Thursday, August 15, 2013

Stepping back from stop-and-frisk

Earlier this week US District Judge Shira Scheindlin declared New York City's stop and frisk program to be unconstitutional. She found that the program targeted minorities in poor sections of the city and subjected them to the humiliation of being forced to lean up against a wall while a police officer patted them down.

The mayor, Michael Bloomberg, and the police chief, Ray Kelly, were predictable in their blasting of the judge's decision. They attempted to explain how the police wouldn't stop anyone without reasonable suspicion that something was afoot - that something was generally walking or standing while black or brown.

It helped that the numbers didn't bear out the official rational for the program. As my fellow blogger, Scott Greenfield, has pointed out on prior occasions, it was rare for the police to find anything remotely illegal on any of the folks whose privacy and right to be left alone they violated.

But the larger question is not whether the program was constitutional or not. The larger question is how we got here in the first place. How did we get to the point that the Fourth Amendment means nothing?

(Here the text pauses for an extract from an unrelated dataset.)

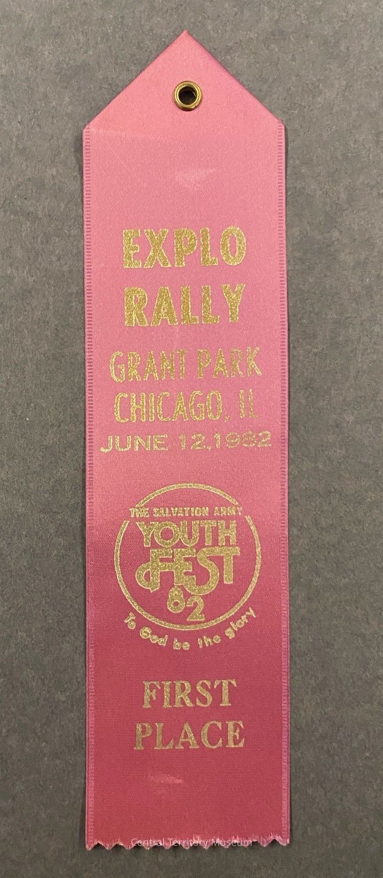 Prize ribbon given out during the 1982 Youth Fest / Youth Explo. The purple satin ribbon has the following text, printed in dark gold: Explo Rally / Grant Park Chicago, IL / June 12, 1982; followed by the Youth Fest logo; then text: First Place. A brass grommet is at the top of the ribbon. The remnants of a paper tag are on the back.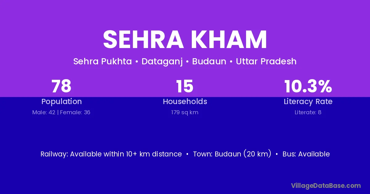 Budaun (20 km) is the nearest town to Sehra Kham village for major economic activities and is located approximately 20 km away.

How did we get to the point where we don't have the right to be left alone by those in the employ of the government?

It's because of the entire nature of Fourth Amendment jurisprudence. Just think about it. When do questions of Fourth Amendment violations arise? If you said only when the defendant was caught with something he or she shouldn't have had, you're right.

The only time the meaning of the Fourth Amendment is litigated is when someone has been charged with a crime. For those folks who had nothing illegal on them, in their car or in their house, there was no violation of the Fourth Amendment. Sure, the cops may have searched their person, their car or their home without a warrant or without probable cause, but if nothing was found then no criminal charges were ever filed.

And, if no charges are filed, there is nothing to litigate.

Every suppression hearing before a judge involves a defendant who is actually guilty of the crime with which he's been accused. Just about every case brought before an appellate court questioning the constitutionality of a search is brought by the person who was convicted of the crime.

Instead of looking at the process and determining whether or not the police stepped out of line along the way, the judges are weighing whether or not the deterrent effect of the Exclusionary Rule outweighs the conduct the defendant is accused of. In other words, courts aren't looking at the actual words in the Fourth Amendment, they are looking at the defendant's conduct and determining whose conduct was worse - that of the defendant or that of the police.

That, my friends, is a fight the Constitution will lose, more than it wins. It's why we have the so-called automobile exception to the Fourth Amendment. It's why we have Terry stops. It's why judges rule that someone sitting in the back of a patrol car with their hands cuffed behind them isn't considered under arrest. It's why the police are allowed to make pretextual traffic stops for behavior that wouldn't even be looked at twice in the middle of the day. It's why the NSA is allowed to collect the metadata from your emails. It's why the NSA is allowed to intercept phone calls without notifying either party to the call.

But, much like the blades of grass pushing up through the charred and desolate remains of a wildfire, the Fourth Amendment showed some signs of life this week.